У брака Вики и Теда были свои углы и трещины, фальстарты и тупики, свои споры, повторяемые снова и снова. «Я хочу, чтобы ты вернулась домой». Теду не нужно было больше говорить ни слова — Вики помнила всю его речь наизусть: «Я люблю тебя, я скучаю по тебе, я скучаю по детям, я ненавижу возвращаться вечером в пустой дом, меня уже тошнит от китайского фаст-фуда и мороженых вафель. В доме так тихо. Портер еще совсем маленький; он вообще меня забудет, он уже сейчас плачет, когда меня видит. Я хочу, чтобы ты вернулась домой и проходила сеансы химиотерапии в городе, давай не будем вести себя, как дети, давай подойдем ко всему серьезно, давай убьем эти чертовы клетки, найдем лучших врачей, ну и что, если лекарства одни и те же и вводятся одинаково, — я хочу, чтобы ты была в Слоун-Кэттеринге, чтобы я мог спать по ночам, зная, что у тебя есть все самое лучшее, что можно достать за деньги».
Но еще Тед говорил: «Я хочу, чтобы ты вернулась домой, потому что я боюсь тебя потерять. Вик, я боюсь, как маленький ребенок. Напуган до смерти. Я потеряю тебя в сентябре на операционном столе или после операции, если она не даст желаемого результата, если опухоль окажется неоперабельной, если метастазы доберутся до твоего мозга или печени, если врачи не смогут тебе помочь».
«Я хочу, чтобы ты вернулась домой», — сказал Тед, потому что он не верил. И именно это неверие и стояло между мужем и женой, именно оно сделало из Теда слабака. Оно вызывало гнев Вики и импотенцию Теда: он думал, что она умрет. А еще он не понимал Нантакет так, как понимала его Вики, он не вырос в доме на Шелл-стрит, он не испытывал таких же чувств к океану, песку, надежному маяку Санкати. Было так много Вещей, Больше Не Имевших Значения, но эти — океан, воздух, песок под ногами — имели значение.

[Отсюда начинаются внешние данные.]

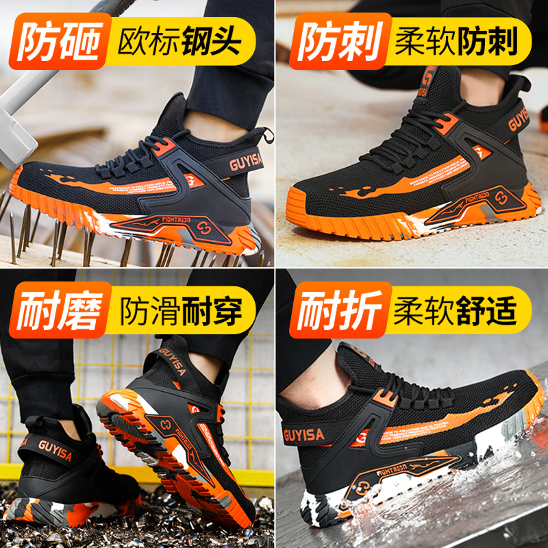 高幫勞保鞋 鞋 防砸防刺穿2025新款 安全輕便鋼頭帶鋼板工作工地 男款由

— Я и есть дома, — сказала Вики.
Вики объяснила это абсолютно четко: главное в заботе о детях — это «создать рутину». Особенно когда мать этих детей больна раком. «Дети чувствуют перемены, — сказала Вики. — Они чувствуют неопределенность, знают, когда что-то не в порядке. Ваша работа — сохранять их спокойствие и обеспечивать безопасность. Будьте последовательны. Соблюдайте распорядок дня». «Без проблем, — ответил Джош. — Для меня это привычно». Он даже хотел рассказать о своей жизни с отцом: ужины в восемь тридцать, пиво, салат «Айсберг». Джош знал о рутине все, он знал все о распорядке дня.
И так началось лето: с понедельника по пятницу будильник Джоша срабатывал в семь тридцать. Пятнадцать минут у него уходило на то, чтобы почистить зубы, побриться, причесаться, намазаться солнцезащитным кремом, одеться и протереть сиденья джипа от росы, и минут одиннадцать-четырнадцать — чтобы добраться от своего дома в городке Миакомет до Сконсета, в зависимости от движения возле средней школы. Джош подъезжал к коттеджу на Шелл-стрит к восьми часам и неизменно заставал Бренду и Блейна за игрой в кости. Бренда всегда была в коротеньком халате — Джош заметил, что у нее их было два, один розовый, а один — белый в цветочек. Джош был уверен, что она специально ходила в халате, чтобы его помучить. Когда приезжал Джош, Бренда вставала и говорила: «Я свое дело сделала» — и уходила в дом, в свою комнату, где переодевалась в бикини. Джош занимался «созданием рутины», но при этом не мог не замечать вариации — например в каком Бренда была халате, какой она надела купальник, а также каким было содержание и продолжительность их разговоров о ее работе. Потому что еще в первый или во второй день работы Джош узнал, что Бренда писала сценарий. В литературном кружке Чеса Горды был один второкурсник, парень по имени Дрейк Эдгар, который хотел написать сценарий. Дрейк Эдгар имел репутацию самого серьезного студента в группе; он раздавал всем сцену за сценой из своего сценария и слово в слово записывал критику. Сам Чес Горда — хотя по его первому и самому известному роману и был снят фильм, который можно назвать «культовым», — все же говорил Дрейку Эдгару, что их кружок — место для написания серьезных литературных произведений, а не фильмов ужасов или триллеров. Другие студенты, в том числе Джош, игнорировали Дрейка Эдгара, считая его чудаком и чуть ли не маньяком, — хотя все разговоры о Дрейке Эдгаре заканчивались фразой, что он, «наверное, смеялся всю дорогу до банка».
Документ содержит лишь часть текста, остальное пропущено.